Final answer:
Using properties of cubes and algebraic manipulation, it's shown that there are no integer solutions for the equations m³ - n³ = 3 and m³ - n³ = 4 due to the fact that the differences in cubes of consecutive integers are larger than 3 and 4.
Step-by-step explanation:
To show that there are no integer solutions to the equations m³ − n³ = 3 and m³ − n³ = 4, we can use the properties of cubes of integers. For any two integers m and n, the difference m³ - n³ is also an integer. When considering two consecutive integers, their cubes have a difference that is larger than 3 or 4.
Let's consider the first equation m³ - n³ = 3. If n = m - 1, expanding the cubes gives us m³ - (m-1)³, which simplifies to 3m² - 3m + 1. This expression can never be equal to 3 for any integer value of m.

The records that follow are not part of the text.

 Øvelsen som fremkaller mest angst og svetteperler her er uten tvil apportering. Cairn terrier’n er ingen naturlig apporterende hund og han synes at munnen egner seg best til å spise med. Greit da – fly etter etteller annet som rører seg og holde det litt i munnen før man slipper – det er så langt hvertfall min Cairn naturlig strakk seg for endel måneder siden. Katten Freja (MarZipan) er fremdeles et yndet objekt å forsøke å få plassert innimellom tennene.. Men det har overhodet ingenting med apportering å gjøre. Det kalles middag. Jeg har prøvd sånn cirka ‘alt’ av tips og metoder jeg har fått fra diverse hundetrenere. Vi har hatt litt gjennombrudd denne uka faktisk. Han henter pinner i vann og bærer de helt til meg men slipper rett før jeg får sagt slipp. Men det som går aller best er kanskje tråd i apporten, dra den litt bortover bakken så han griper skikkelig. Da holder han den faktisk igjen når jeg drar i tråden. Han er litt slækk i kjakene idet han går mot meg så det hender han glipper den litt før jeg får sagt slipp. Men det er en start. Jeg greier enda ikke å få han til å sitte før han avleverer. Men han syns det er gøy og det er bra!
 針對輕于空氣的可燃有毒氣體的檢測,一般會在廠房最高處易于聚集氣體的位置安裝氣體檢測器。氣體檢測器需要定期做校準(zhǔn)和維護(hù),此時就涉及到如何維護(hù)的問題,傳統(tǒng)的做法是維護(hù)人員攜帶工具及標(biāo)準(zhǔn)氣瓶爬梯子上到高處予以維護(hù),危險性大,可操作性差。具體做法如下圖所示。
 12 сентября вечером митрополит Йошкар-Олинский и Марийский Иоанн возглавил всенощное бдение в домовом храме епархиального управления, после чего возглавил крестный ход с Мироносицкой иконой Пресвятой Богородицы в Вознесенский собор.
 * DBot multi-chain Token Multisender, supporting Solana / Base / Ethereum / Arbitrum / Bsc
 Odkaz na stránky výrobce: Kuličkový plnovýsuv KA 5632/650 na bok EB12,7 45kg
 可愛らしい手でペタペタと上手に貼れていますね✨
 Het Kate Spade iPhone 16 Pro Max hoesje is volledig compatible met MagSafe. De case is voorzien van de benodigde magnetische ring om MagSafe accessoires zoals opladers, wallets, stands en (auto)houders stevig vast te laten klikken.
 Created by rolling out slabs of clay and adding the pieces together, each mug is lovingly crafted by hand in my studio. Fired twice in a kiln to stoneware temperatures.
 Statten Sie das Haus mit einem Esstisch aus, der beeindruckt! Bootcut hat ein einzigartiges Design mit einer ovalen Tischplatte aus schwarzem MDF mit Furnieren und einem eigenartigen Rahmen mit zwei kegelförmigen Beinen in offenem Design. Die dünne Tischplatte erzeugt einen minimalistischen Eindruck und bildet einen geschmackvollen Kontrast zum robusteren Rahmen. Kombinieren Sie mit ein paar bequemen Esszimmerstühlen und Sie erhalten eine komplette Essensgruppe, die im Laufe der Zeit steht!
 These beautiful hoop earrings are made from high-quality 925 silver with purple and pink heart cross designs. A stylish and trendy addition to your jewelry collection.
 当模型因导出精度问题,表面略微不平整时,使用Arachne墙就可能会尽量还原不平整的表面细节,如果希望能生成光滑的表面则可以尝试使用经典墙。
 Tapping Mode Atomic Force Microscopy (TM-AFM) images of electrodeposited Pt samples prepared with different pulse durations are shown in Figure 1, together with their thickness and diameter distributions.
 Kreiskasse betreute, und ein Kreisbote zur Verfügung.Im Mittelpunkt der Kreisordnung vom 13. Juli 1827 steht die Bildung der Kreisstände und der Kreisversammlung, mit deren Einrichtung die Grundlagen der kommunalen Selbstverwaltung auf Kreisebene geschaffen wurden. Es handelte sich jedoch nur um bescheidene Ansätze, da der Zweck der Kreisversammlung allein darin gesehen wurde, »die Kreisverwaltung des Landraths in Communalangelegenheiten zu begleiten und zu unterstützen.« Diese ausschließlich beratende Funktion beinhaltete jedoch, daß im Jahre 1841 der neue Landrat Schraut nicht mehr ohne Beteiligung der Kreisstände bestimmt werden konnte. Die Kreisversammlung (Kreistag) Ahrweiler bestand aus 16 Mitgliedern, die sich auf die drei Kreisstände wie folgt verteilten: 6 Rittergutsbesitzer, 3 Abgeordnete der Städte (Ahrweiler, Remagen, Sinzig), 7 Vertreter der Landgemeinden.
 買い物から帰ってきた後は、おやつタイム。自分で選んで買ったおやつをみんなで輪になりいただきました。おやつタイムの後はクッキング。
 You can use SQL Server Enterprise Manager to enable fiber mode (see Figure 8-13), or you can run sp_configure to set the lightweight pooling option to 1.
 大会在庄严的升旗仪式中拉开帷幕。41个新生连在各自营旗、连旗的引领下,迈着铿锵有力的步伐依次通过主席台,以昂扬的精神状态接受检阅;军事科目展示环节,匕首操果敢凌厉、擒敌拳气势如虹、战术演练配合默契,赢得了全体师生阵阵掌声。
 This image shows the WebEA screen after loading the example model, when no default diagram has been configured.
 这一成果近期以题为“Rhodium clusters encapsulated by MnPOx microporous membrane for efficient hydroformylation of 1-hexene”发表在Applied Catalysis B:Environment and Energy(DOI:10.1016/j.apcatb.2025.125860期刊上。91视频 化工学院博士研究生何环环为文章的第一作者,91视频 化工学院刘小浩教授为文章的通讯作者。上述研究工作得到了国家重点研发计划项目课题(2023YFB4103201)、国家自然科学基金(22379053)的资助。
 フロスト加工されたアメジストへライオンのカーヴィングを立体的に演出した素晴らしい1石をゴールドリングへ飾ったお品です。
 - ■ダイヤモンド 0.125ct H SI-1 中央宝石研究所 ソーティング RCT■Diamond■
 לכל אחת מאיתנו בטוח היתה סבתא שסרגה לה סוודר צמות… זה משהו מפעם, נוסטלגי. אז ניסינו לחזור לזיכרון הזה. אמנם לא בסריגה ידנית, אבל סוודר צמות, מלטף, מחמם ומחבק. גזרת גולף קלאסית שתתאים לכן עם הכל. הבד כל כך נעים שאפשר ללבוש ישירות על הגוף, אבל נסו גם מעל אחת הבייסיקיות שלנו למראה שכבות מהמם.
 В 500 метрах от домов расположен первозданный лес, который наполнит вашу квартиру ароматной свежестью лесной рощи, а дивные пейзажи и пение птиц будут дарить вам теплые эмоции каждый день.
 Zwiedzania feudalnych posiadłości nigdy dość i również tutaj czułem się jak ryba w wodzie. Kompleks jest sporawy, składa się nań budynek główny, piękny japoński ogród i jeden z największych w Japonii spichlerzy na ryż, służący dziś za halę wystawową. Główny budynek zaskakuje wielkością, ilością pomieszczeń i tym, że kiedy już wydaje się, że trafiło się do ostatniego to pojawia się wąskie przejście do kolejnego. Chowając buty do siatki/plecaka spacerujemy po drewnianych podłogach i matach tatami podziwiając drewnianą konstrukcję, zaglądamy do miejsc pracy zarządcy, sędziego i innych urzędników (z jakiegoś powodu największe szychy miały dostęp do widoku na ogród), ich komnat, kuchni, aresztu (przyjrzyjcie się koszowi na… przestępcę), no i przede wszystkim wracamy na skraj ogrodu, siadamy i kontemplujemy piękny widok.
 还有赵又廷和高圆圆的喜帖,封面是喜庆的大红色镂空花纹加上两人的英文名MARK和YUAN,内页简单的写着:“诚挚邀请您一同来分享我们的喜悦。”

Now, let's consider the second equation m³ - n³ = 4. Similarly, substituting n = m - 1 and expanding the cubes results in 3m² - 3m + 1, which can't equal 4 either. Additionally, for integer solutions, there's always an integer k such that n = m - k. The difference between their cubes will grow significantly larger than 4 as m increases. Thus, no integers m and n, where m > n, can satisfy m³ - n³ = 4.
Therefore, we conclude that there are no integer solutions for both equations.